## Task prompt:
Lift out, unaltered, the lines of the material below between the line holding "白切羊肉,最大程度呈现本真之" and the line holding "Anajqaqia Hängebettrahmen, 160", counting both.

Start of Record extracts

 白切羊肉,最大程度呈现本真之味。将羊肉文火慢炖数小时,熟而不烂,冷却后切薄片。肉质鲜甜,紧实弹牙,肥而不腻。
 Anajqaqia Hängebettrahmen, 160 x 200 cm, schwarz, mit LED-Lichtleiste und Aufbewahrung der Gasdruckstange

End of Record extracts
Start of Record extracts

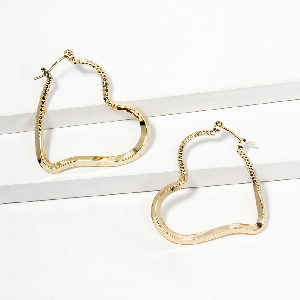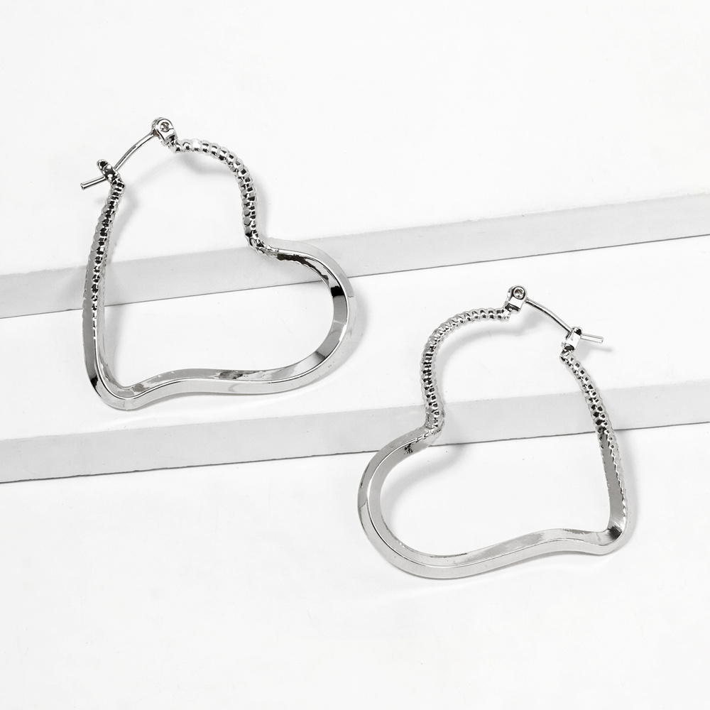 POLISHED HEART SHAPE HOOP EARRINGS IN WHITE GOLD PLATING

End of Record extracts

## Expected answer:
 白切羊肉,最大程度呈现本真之味。将羊肉文火慢炖数小时,熟而不烂,冷却后切薄片。肉质鲜甜,紧实弹牙,肥而不腻。
 Anajqaqia Hängebettrahmen, 160 x 200 cm, schwarz, mit LED-Lichtleiste und Aufbewahrung der Gasdruckstange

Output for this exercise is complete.